Яо улыбнулся, явно уверенный в своей правоте:
– За пять минут до еды – или до фруктового коктейля в период голодания – звонит колокол. Мы просим вас приходить в столовую сразу, как только его услышите.
– Безусловно, – ответила Фрэнсис, хотя в ней и нарастало ощущение ужаса. Она совсем забыла о периодах голодания. – А у вас есть… доставка еды в номер?
– К сожалению, нет, но утренний и вечерний коктейли будут приносить вам в комнату, – сказал Яо.
– А что, клубных сэндвичей в полночь нет?
Яо с отвращением содрогнулся:
– Конечно нет! – Он провел ее через столовую в уютную гостиную, вдоль стен которой стояли книжные стеллажи; вокруг мраморного камина разместились кресла. – Лавандовая комната. В любое время, когда захотите покоя, пожалуйста, приходите сюда. Почитаете, попьете травяного чайку…
Некоторые слова он произносил с американским акцентом.
– Мило, – сказала Фрэнсис, успокоившись при виде книг.
Они подошли к закрытой двери с надписью «ПОСТОРОННИМ НЕ ВХОДИТЬ», выведенной по трафарету золотыми буквами, и у Фрэнсис, которая оставалась Фрэнсис, возникло сильное желание распахнуть ее. Комнаты отдыха только для членов клуба, в котором она не состояла, были невыносимы.

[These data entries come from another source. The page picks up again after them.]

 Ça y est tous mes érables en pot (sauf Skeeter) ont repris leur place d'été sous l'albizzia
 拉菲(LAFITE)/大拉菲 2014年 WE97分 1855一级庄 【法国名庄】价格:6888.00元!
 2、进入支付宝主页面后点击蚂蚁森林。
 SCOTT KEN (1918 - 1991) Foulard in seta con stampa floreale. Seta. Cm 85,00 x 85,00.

– Эта дверь ведет наверх, в кабинет директора. – Яо тихонько прикоснулся к двери. – Мы просим вас открывать ее, только если вам назначено.
– Конечно, – обиженно произнесла Фрэнсис.

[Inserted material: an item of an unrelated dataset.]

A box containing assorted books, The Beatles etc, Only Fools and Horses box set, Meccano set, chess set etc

– Чуть позже сегодня вы встретитесь с директором, – сказал Яо, словно обещая какое-то особое угощение, которого она давно ждала. – На вашей первой медитации с инструктором.

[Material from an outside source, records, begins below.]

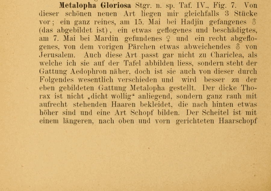 - Erstbeschreibung: Staudinger, O. (1892): Neue Arten und Varietäten von Lepidopteren des paläarktischen Faunengebiets. — Deutsche entomologische Zeitschrift Iris 4 (2): 224-339, pl. III-IV.
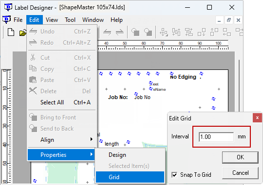 If you need to adjust the size of the label or the name of the label design, this can be done in the Design Properties of the label.
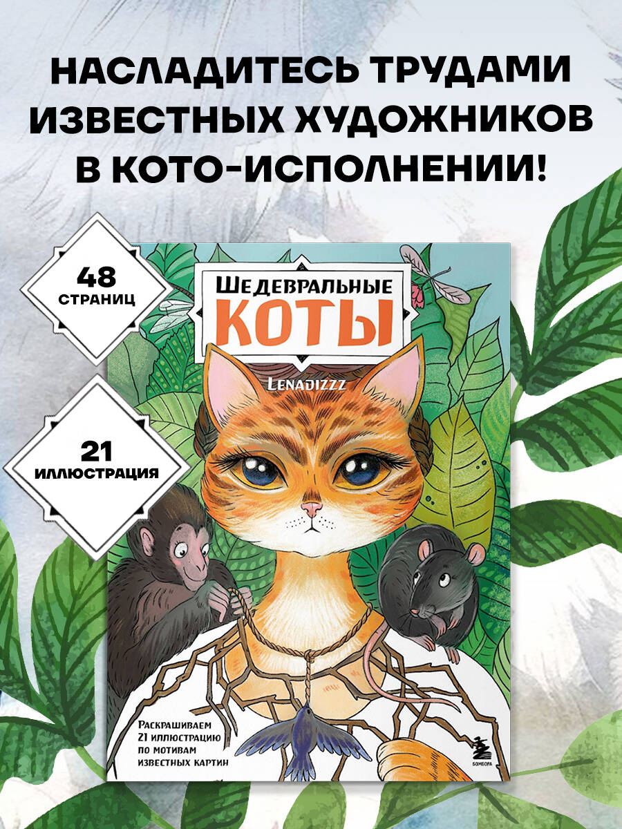Добро пожаловать в самую пушистую картинную галерею! «Портрет четы Мурнольфини», «Мурмео и Джуррльетта», «Кошечка на шаре» и другие великие картины - все это вы найдете на страницах этой раскраски. Под одной обложкой российская художница Елена Скрипченко, известная под псевдонимом Lenadizzz, собрала 21 иллюстрацию по мотивам самых известных шедевров живописи. Все рисунки отпечатаны через страницу, так что можете смело брать любимые карандаши и маркеры и погрузиться в мир искусства уже сейчас!| Издательство | ООО "Издательство "Эксмо" |

– Превосходно, – буркнула Фрэнсис сквозь сжатые зубы.
– А теперь вы наверняка хотите посмотреть спортивный зал, – объявил Яо.
– Да не так чтобы очень, – сказала Фрэнсис, но он уже вел ее через вестибюль в противоположную часть дома.
– Сначала здесь была гостиная. Ее переоборудовали в современный спортзал.
– Да, вот это настоящая трагедия, – заявила Фрэнсис, когда Яо открыл стеклянную дверь и она увидела полную света комнату, заставленную, как ей показалось, пыточными устройствами.
Улыбка Яо словно споткнулась.
– Мы сохранили всю историческую лепнину. – Он показал на потолок.
Фрэнсис хмыкнула. Замечательно. Можно лежать и восхищаться гипсовой розеткой на потолке, пока тебя будут растягивать и четвертовать.
Яо посмотрел на ее лицо и поспешил закрыть дверь в спортзал.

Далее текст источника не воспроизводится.